■ **TASK MATERIAL**:
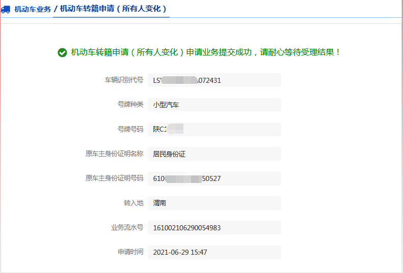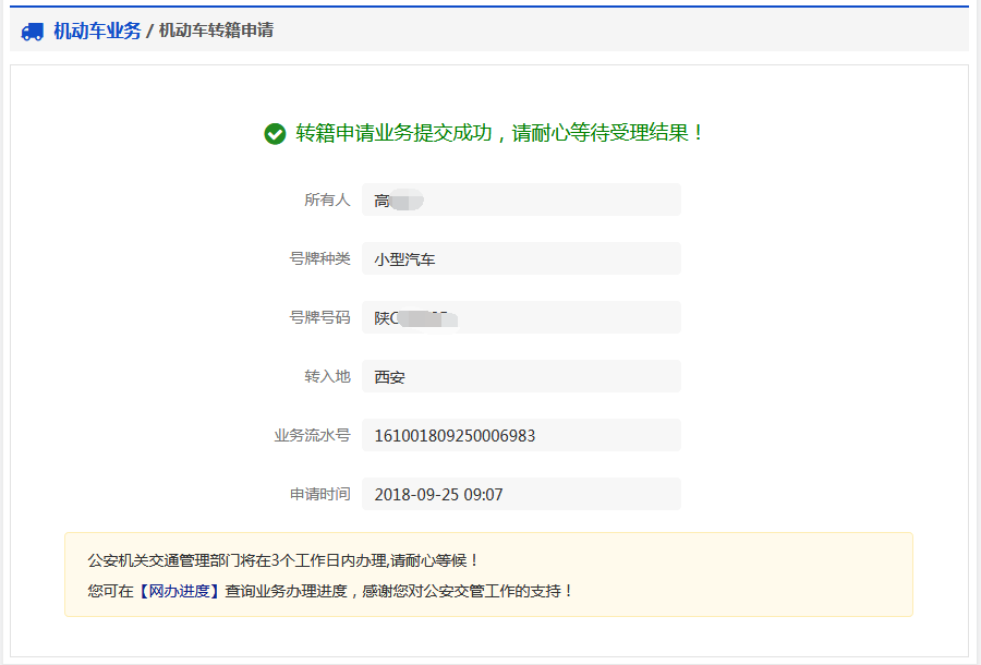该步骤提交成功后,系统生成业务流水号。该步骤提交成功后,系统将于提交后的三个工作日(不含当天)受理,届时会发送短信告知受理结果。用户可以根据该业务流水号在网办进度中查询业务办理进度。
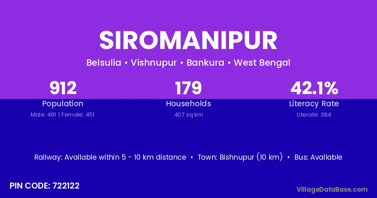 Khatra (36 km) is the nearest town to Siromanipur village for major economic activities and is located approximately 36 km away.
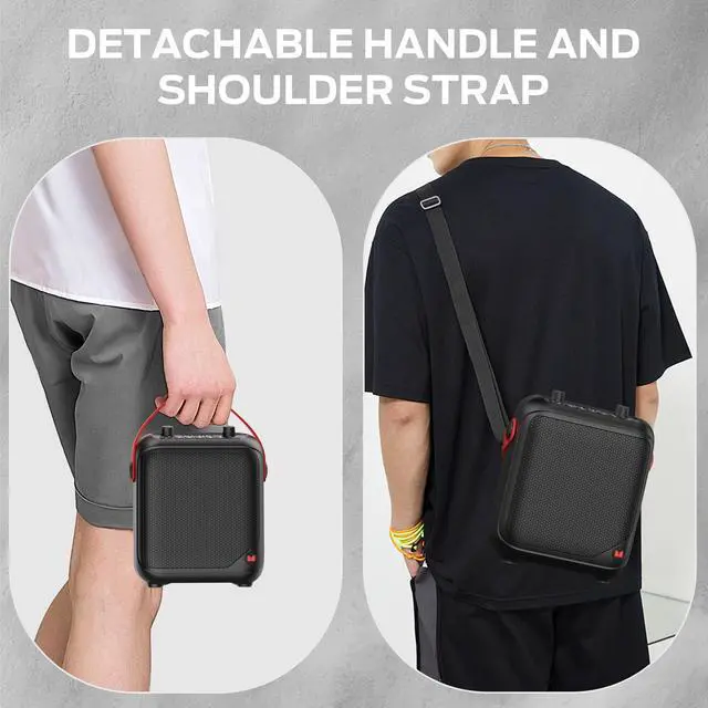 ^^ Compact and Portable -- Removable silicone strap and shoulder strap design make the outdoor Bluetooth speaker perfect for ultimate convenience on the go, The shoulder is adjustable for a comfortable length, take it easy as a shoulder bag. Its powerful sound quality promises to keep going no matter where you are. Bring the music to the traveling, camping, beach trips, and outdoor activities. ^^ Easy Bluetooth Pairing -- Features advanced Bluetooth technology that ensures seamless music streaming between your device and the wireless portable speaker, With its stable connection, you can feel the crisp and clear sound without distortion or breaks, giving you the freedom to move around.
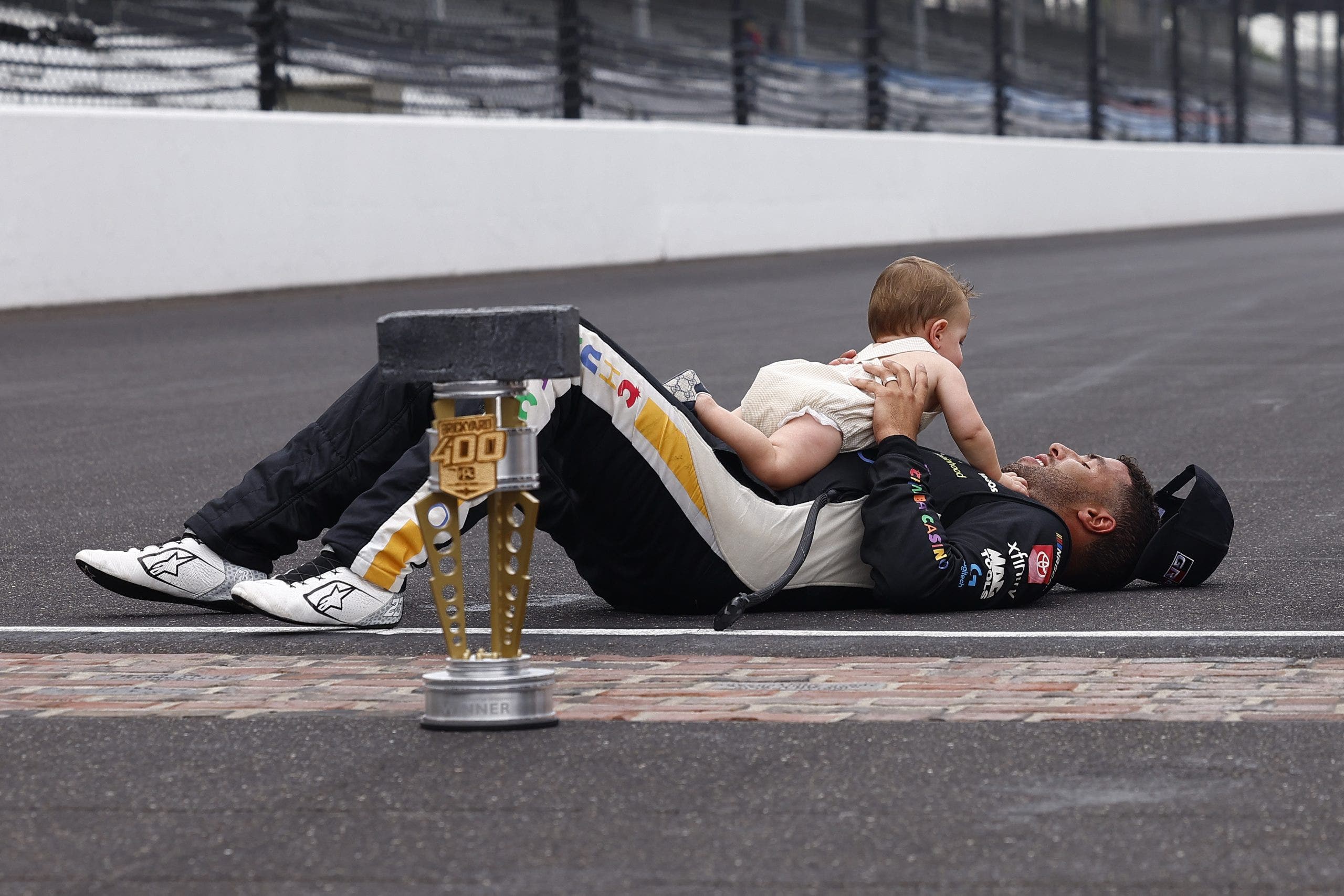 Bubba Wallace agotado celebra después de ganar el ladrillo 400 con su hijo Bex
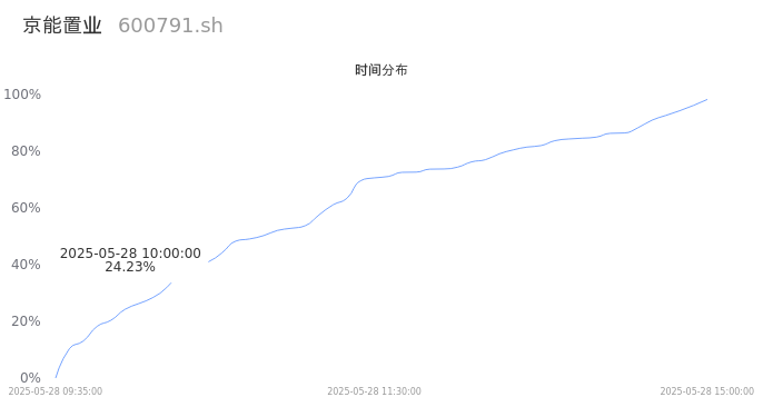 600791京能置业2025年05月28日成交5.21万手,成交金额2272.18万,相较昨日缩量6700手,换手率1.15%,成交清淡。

==

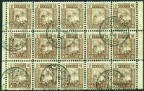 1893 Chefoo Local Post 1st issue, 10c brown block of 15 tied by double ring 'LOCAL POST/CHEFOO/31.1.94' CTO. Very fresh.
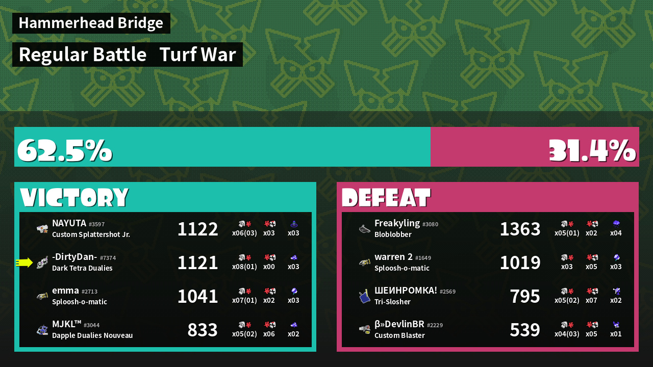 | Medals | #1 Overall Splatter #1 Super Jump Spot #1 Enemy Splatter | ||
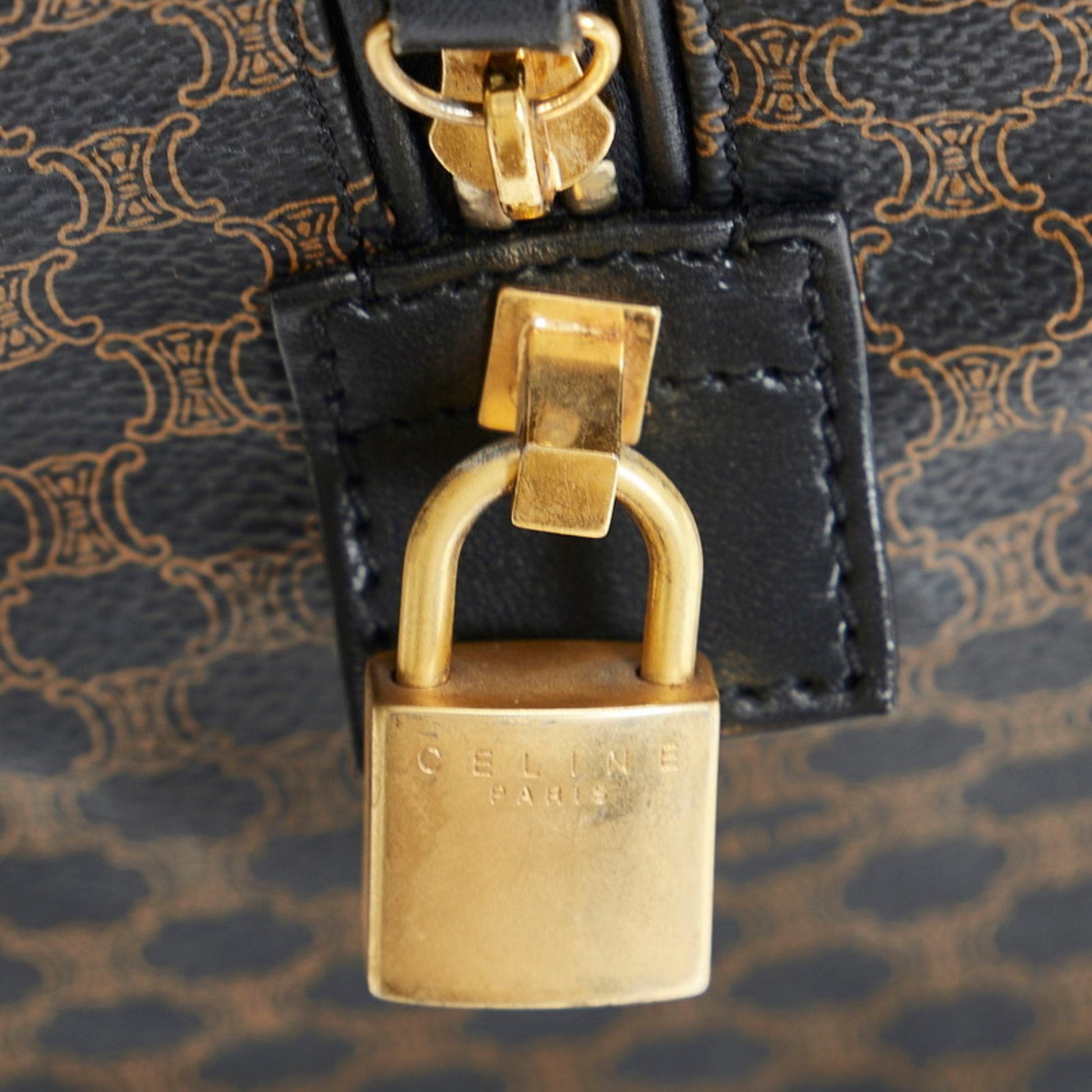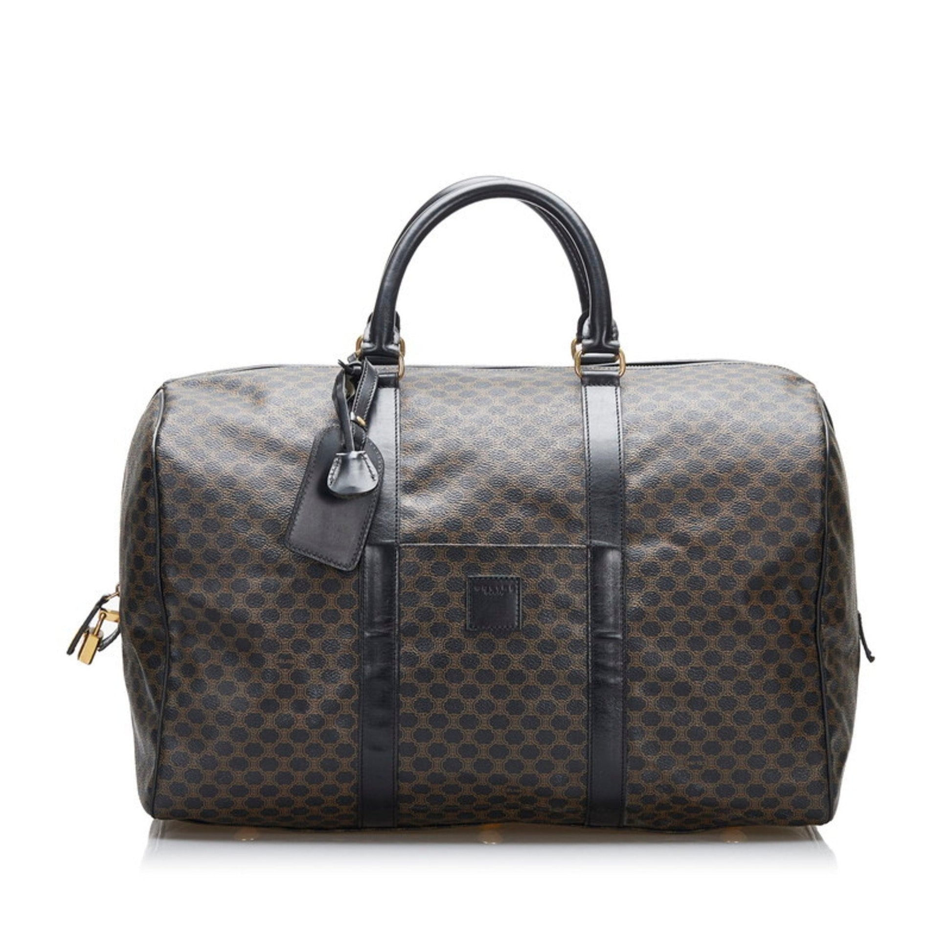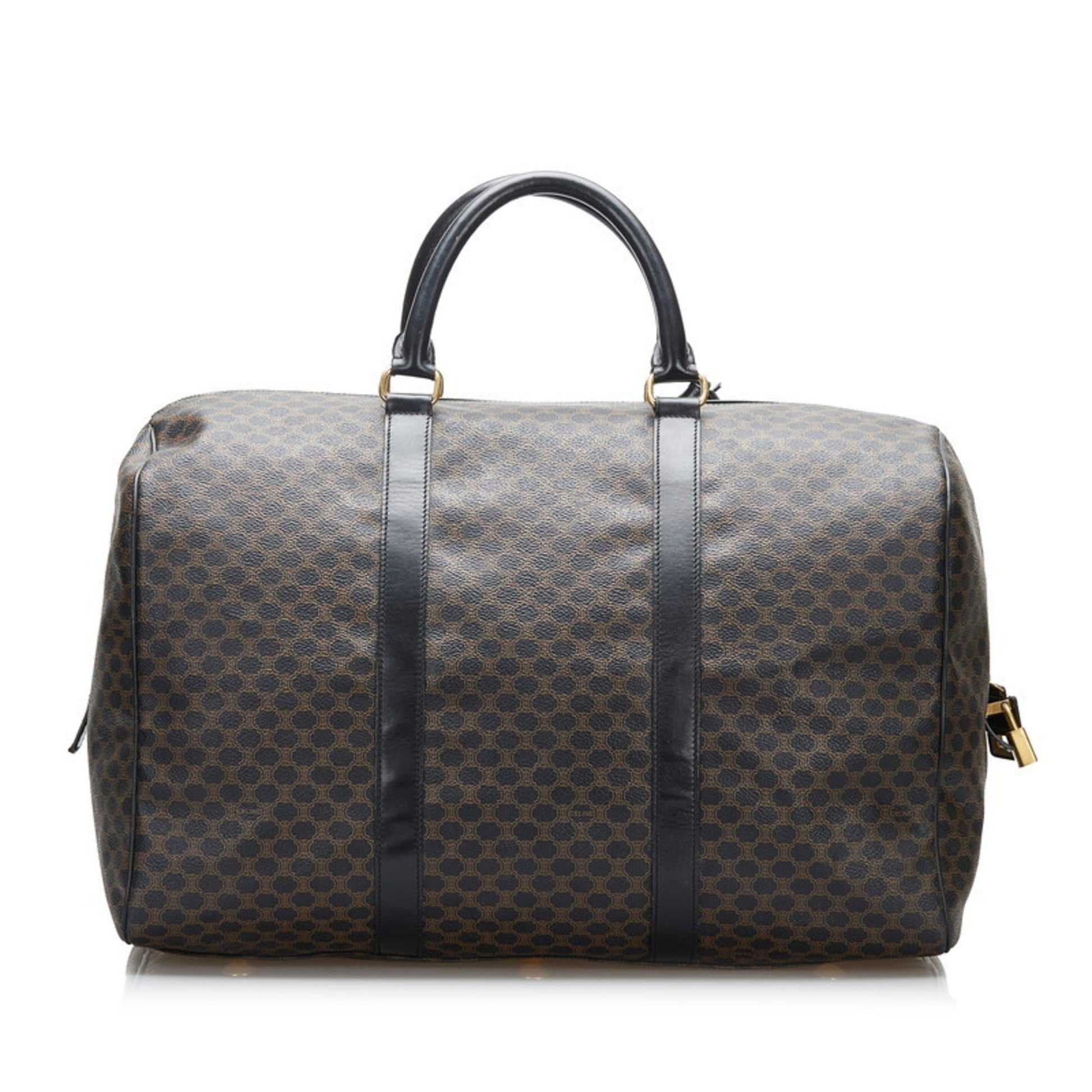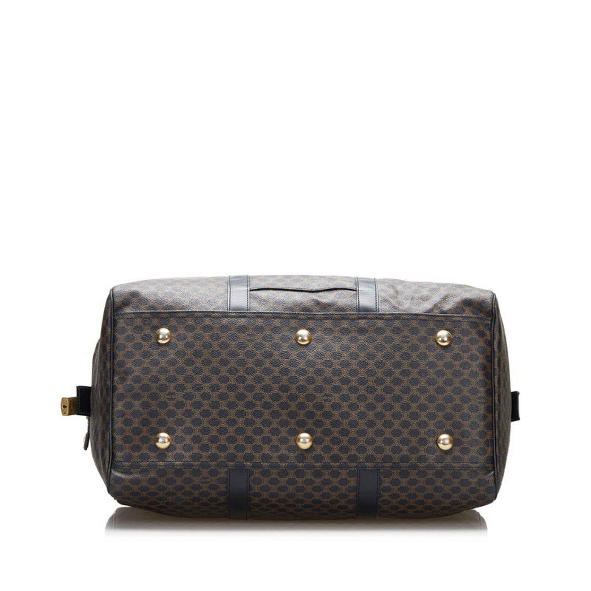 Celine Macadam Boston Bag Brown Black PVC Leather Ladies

* * *

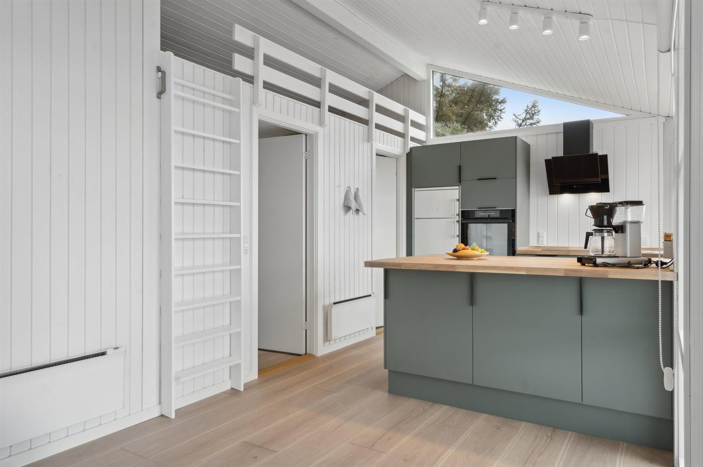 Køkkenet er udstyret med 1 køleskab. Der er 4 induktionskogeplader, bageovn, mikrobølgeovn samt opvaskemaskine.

■ **DESCRIPTION OF THE TASK**: Within the material above, only the stretch from the line holding "1893 Chefoo Local" through the line holding "Celine Macadam Boston" is to be restated exactly. Pictures are dropped.

■ **WRITTEN SOLUTION**:
 1893 Chefoo Local Post 1st issue, 10c brown block of 15 tied by double ring 'LOCAL POST/CHEFOO/31.1.94' CTO. Very fresh.
 | Medals | #1 Overall Splatter #1 Super Jump Spot #1 Enemy Splatter | ||
 Celine Macadam Boston Bag Brown Black PVC Leather Ladies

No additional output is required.